Hadoop 2.x MapReduce Job Counter Data Local Maps Lower than Hadoop 1.x




      I run the MapReduce job at 400+ node of cluster based on Hadoop 2.4.0 confined scheduer is FairScheduer and I noticed Job Counter of Data-Local is much lower than Hadoop 1.x

      Such as these situations:
      Hadoop 1.x Data-local 99% Rack-Local 1%
      Hadoop 2.4.0 Data-Local 75% Rack-Local 25%

      So I looked up the source code of Hadoop 2.4.0 MRAppMaster and YARN-FairScheduer,there are some situations that may lead to this kind of problem.

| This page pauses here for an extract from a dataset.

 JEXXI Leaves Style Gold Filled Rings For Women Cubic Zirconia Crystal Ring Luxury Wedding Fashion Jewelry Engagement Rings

      We know MRAppMaster builds the Map of Priority->ResourceNamer->Capacity->RemoteRequest->NumContainer

      Too many containers are assigned to MRAppMaster from FairScheduler

      MRAppMaster addContainerReq() and assignContainer() have changed NumContainer which will send RemoteRequest to FairScheduler, and the FairScheduler will reset value of NumContainer by the MRAppMaster’s heartbeat, but FairScheduler set NumContainer itself when handle NODE_UPDATE event , So if the heartbeat of MRAppMaster’s NumContainer next time is bigger than FairScheduler’s NumContainer,the extra container is redundant for MRAppMaster,and MRAppMaster will assign this container to Rack-Local because no task is needed on this container’s host now

      Besides, when one task requires more than one host, it will also cause this problem.

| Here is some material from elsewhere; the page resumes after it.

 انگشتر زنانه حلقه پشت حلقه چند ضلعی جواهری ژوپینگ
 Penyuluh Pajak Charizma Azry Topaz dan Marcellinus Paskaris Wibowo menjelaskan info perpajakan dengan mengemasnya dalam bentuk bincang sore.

      So the conclusion is the FairScheduler’s NumConainer is reset by MRAppMaster’s heartbeat and handle NODE_UPDATE event , both of MRAppMaster’s and NODE_UPDATE are async logic

      I found properties of FairScheduler’s config there are

      and I’m confused that FairScheuler assignContainer() should be invoked app.addSchedulingOpportunity(priority) after NODE_LOCAL assigned logic . but now is opposite ,
      means the application have chance to assign a container is opportunity will increment , and when the application missed node of NODE_LOCAL opportunity is great than locality.threshold.node most time ,so those properties is useless for me .
      And if AppMaster sends no RemoteRequest.ANY at the same priority request , the Scheudler will get NPE ,and the ResourceManager will exit immediately

      see this

      public synchronized int getTotalRequiredResources(Priority) {
      return getResourceRequest(priority,RMNode.ANY).getNumContainers();
      Anyone has ideas for those issues please comment.